NEW YORK — Gov. Andrew M. Cuomo announced Monday morning that low-risk high school sports such as tennis, soccer, cross country, field hockey and swimming can begin practicing and playing on Sept. 21.
Football, considered a high-risk sport, is not permitted to begin competition, but will be able to practice starting Sept. 21. A start date for the football season is not currently set.
Gov. Cuomo also said schools can only travel to compete or practice against other schools in their region, or in neighboring regions, until Oct. 19. After that, the state will permit further travel.
Schools will also have to follow state Department of Health issued guidance.

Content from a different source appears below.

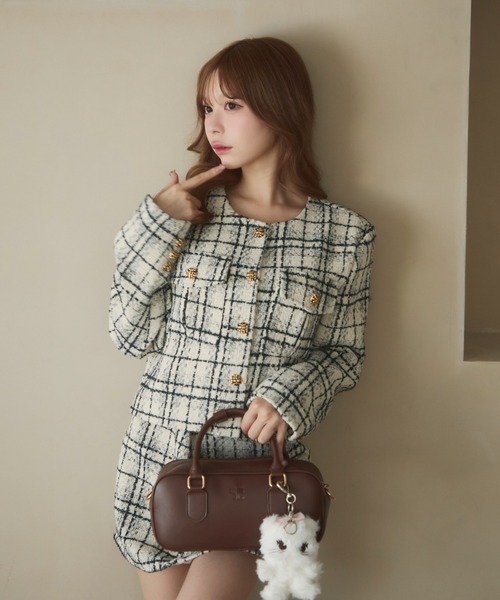 高級感漂うツイード素材に、ゴールドボタンが映える上品なチェック柄セットアップです。

The New York State Public High School Athletic Association section directors and officers will meet within 24 hours, the COVID Task Force will meet within 48 hours and then officers will meet to make a decision if needed within 72 hours.

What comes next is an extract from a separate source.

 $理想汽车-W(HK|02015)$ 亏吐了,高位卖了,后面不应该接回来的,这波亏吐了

Kyle Gaumes, a rising-senior at Lyme and a member of its boys soccer team, is happy and relieved sports will be permitted in the fall.
“If sports were not involved with school that would just make it harder to get up and get to school,” Gaumes said. “That’s for sure. When you get to school on game day, there’s nothing better than that.”
Gaumes, who has been playing soccer over the summer with Upstate United, is interested in how fan attendance will work. He played in one tournament in Syracuse with Upstate United and each player was only allowed one spectator.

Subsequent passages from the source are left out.